Nel paper si propone di trovare spiegazioni al mancato, o comunque insufficiente, riscontro nella esperienza contrattuale – e, più in generale, nella esperienza delle relazioni tra organizzazioni sindacali ed imprese – di bisogni sociali che pure, dal momento dell’ingresso di massa delle donne nel mercato del lavoro, sono diventati evidenti ed urgenti. Una carenza che potrebbe addirittura costituire la ragione della scarsa propensione delle lavoratrici italiane – in controtendenza rispetto al resto d’Europa – ad iscriversi al sindacato.
Per fare questo, si fa un’analisi delle oggettive difficoltà delle parti sociali – in particolare, del sindacato – a regolare contrattualmente e estendere all’insieme del mondo del lavoro esigenze differenziate, mutevoli nel tempo e “costose”, come quelle di cui sono portatori e portatrici i dipendenti con responsabilità familiari e di cura. Ipotizza però anche la possibilità che le relazioni industriali che conosciamo siano – per tradizione, cultura e struttura – inadatte a recepire e a tradurre in regole contrattuali questi nuovi bisogni, al di fuori di un percorso di reale innovazione.

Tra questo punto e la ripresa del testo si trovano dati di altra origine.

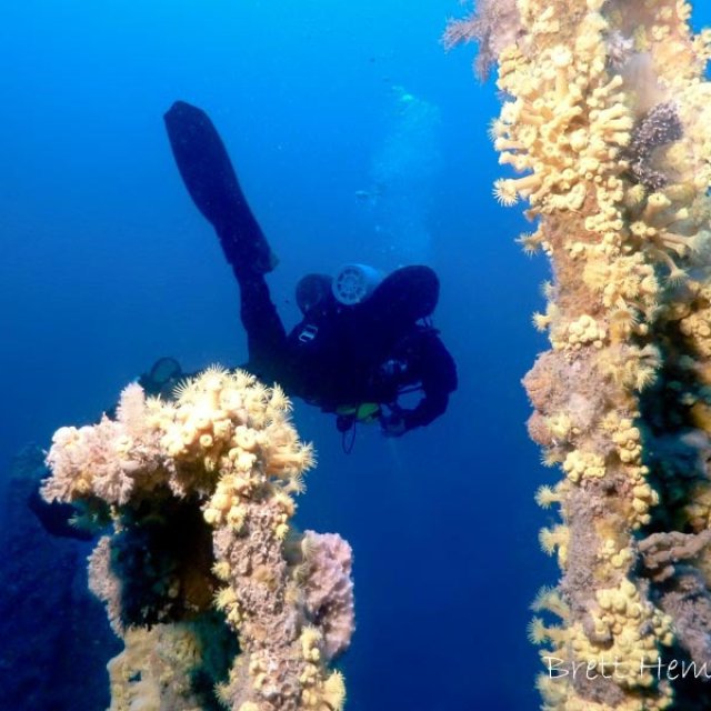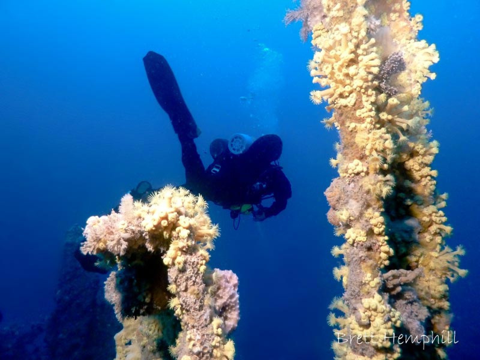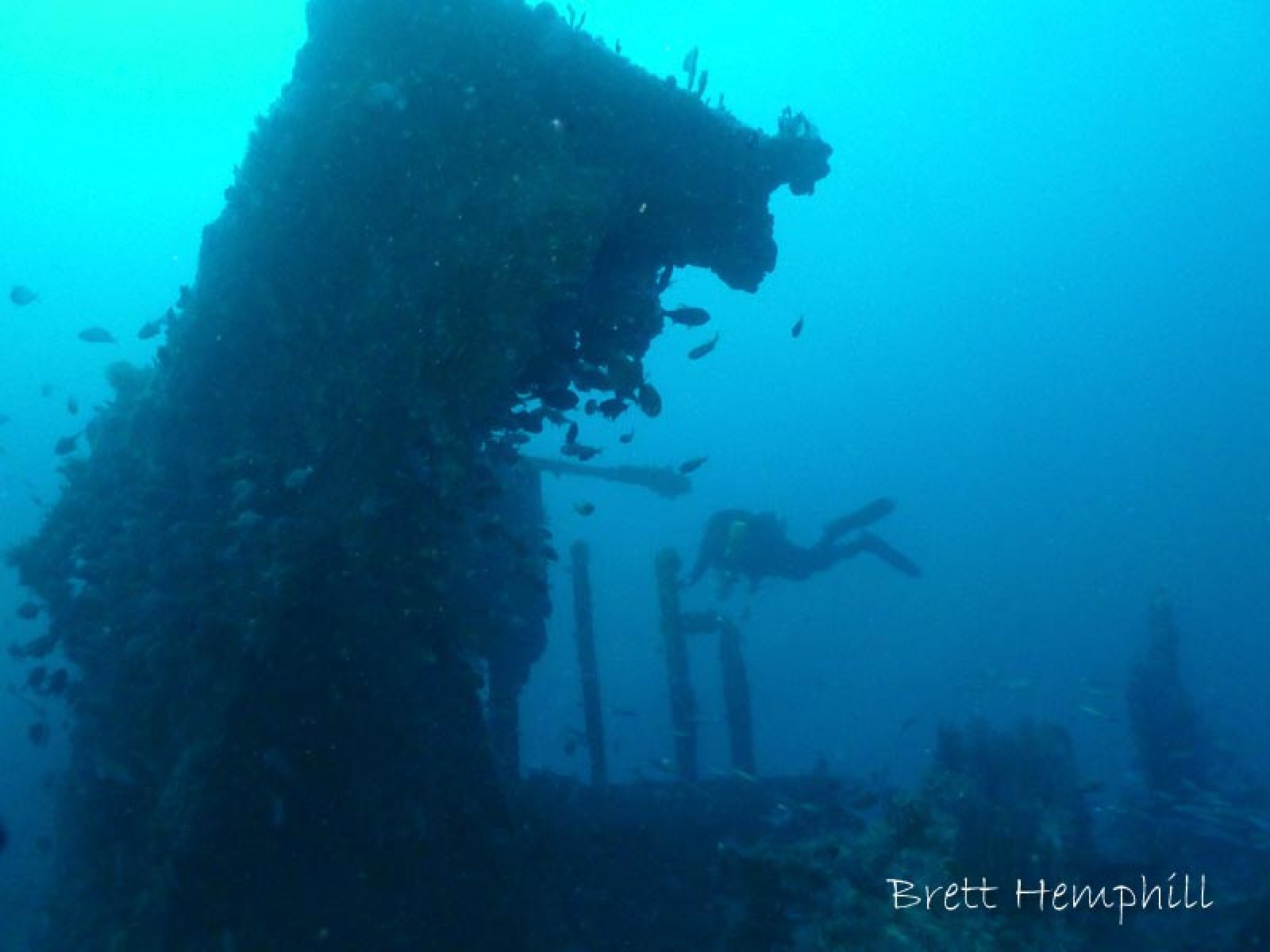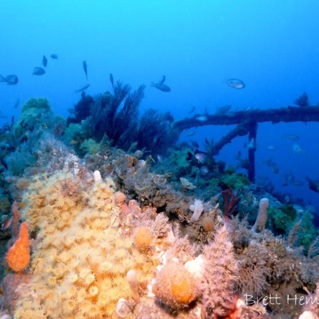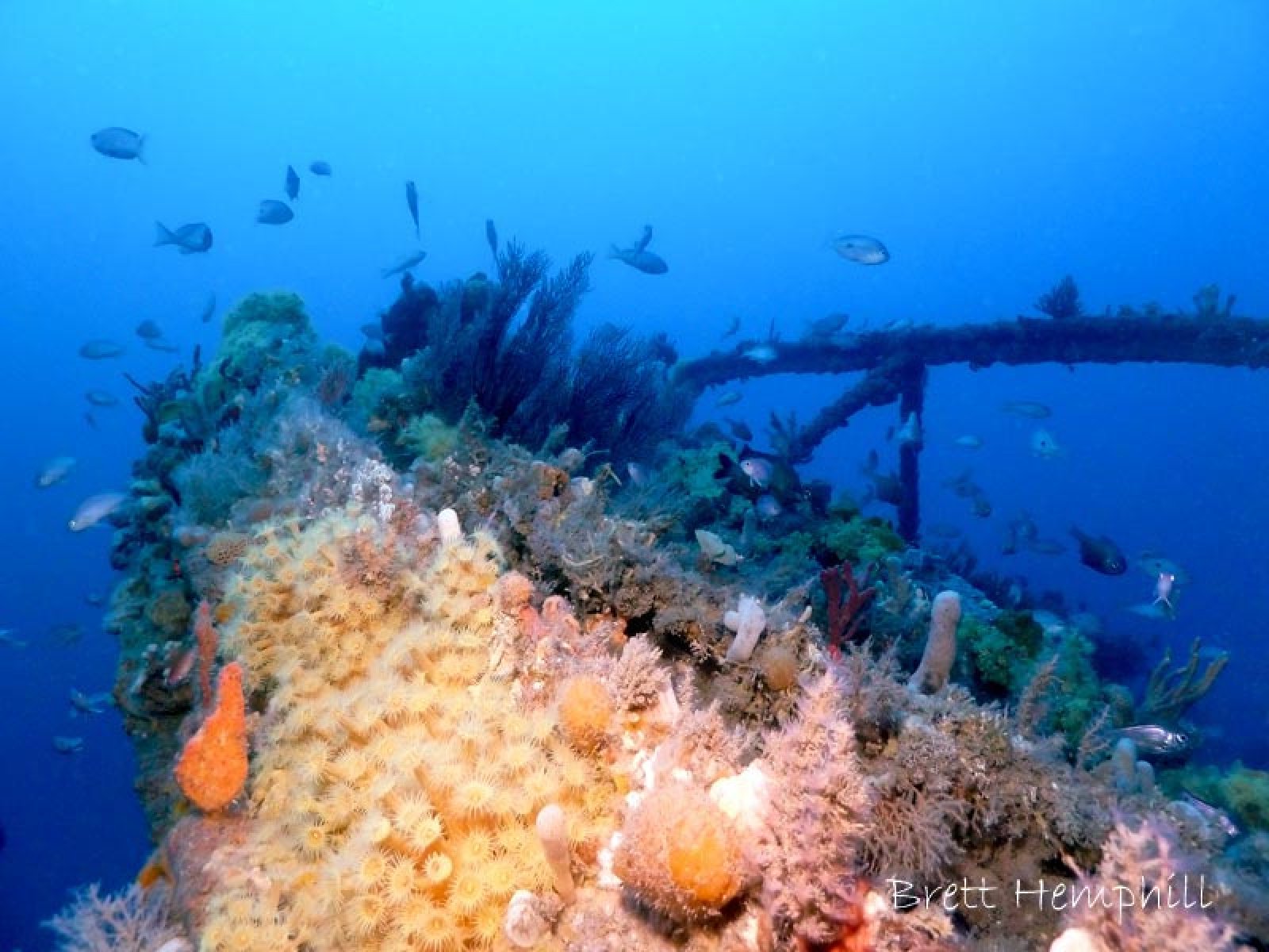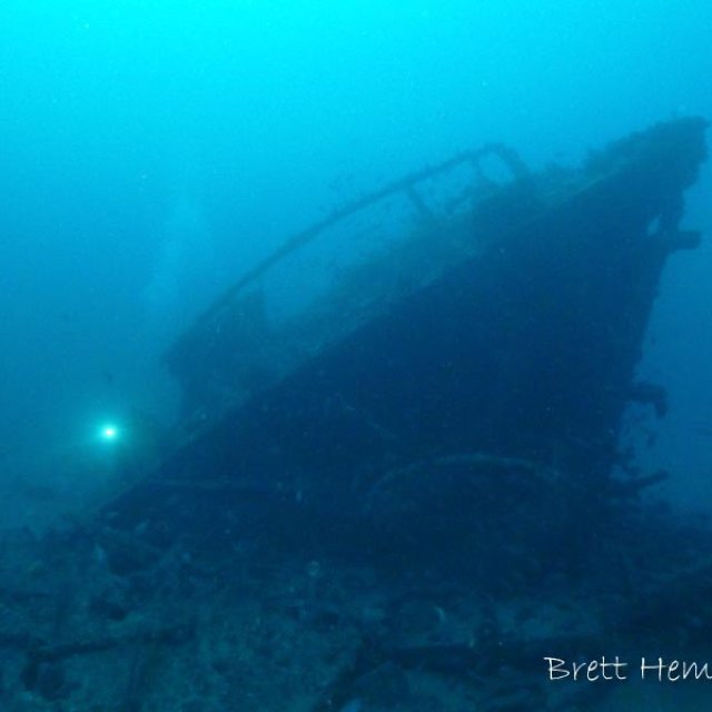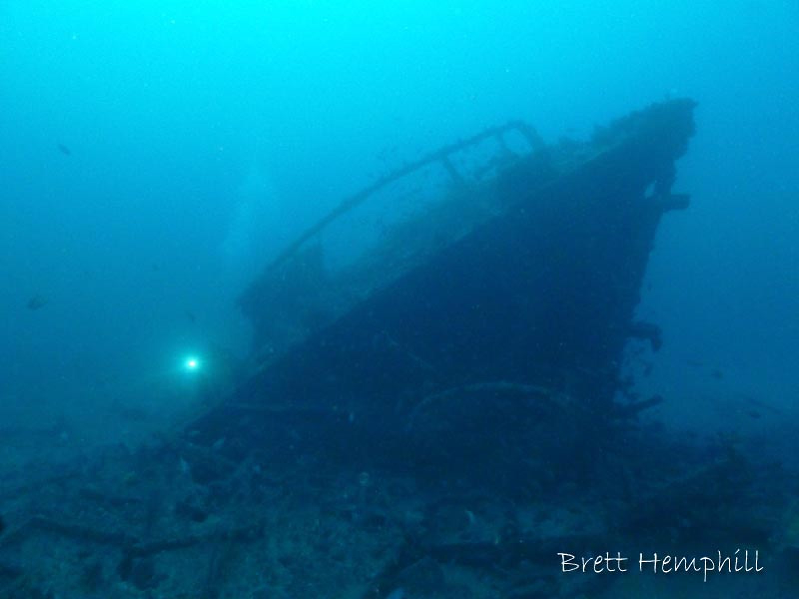 It is a great wreck with much of the hull still in tact, fish life in abundance and the props are still on the wreck.

Tra vita e lavoro: strategie differenziate ed equilibri mutevoli
Lo specifico equilibrio tra lavoro e vita che ciascuno immagina per sé è molto diverso tra persona a persona: dipende dal carico delle responsabilità familiari, dall’età dei figli, dalla distribuzione dei ruoli in famiglia, dal grado di investimento nella realizzazione professionale, dalla situazione dei servizi sul territorio, dalle reti familiari e di vicinato ma anche da aspetti meno razionali e meno facili da analizzare – eppure con potenti influenze sulle scelte esistenziali – come il sistema di valori di riferimento. Per le donne in particolare, nella scelta della modalità con cui partecipare (o non partecipare) al mercato del lavoro, oltre alle consuete variabili socio-economiche, sembra avere un grande peso l’ideologia della maternità.
Una ricerca empirica americana ha recentemente tentato di ricostruire le diverse strategie delle donne nell'”equilibrare e intrecciare” (balancing and weaving) il lavoro con la famiglia anche alla luce della variabile “ideologia” e non solo ha evidenziato quanto siano diversificate le combinazioni possibili dei diversi fattori che sono coinvolti nelle scelte – reddito, ore lavorate, ore dedicate personalmente alla cura, ore di cura condivise col partner, ore di cura acquistate sul mercato o ottenute dai servizi pubblici, etc. – ma anche quanto poco l’equilibrio raggiunto risponda ad un razionale calcolo costi-benefici: per esempio, molte donne decidono di non lavorare o di lavorare solo poche ore anche in presenza di un reddito familiare basso mentre, all’opposto, redditi anche molto elevati dei mariti non sono una ragione per molte donne per rinunciare ad un impiego a tempo pieno…. Tali strategie si rivelano anche poco prevedibili soprattutto perché, come argomenta la stessa ricerca, l’equilibrio è il risultato più che di una scelta decisa una volta per tutte di un “processo decisionale” che si confronta contemporaneamente con aspetti soggettivi, ideologici ed emotivi – l’idea della maternità, il grado di fiducia nella capacità educativa del servizio pubblico o della baby-sitter, la percezione dei propri bisogni economici – ma anche con aspetti oggettivi e pratici – la possibilità di ottenere un lavoro ad orario ridotto, di lavorare da casa, di pagare una baby sitter, di suddividere con il partner il lavoro di cura – che possono cambiare nel tempo (Hattery 2001).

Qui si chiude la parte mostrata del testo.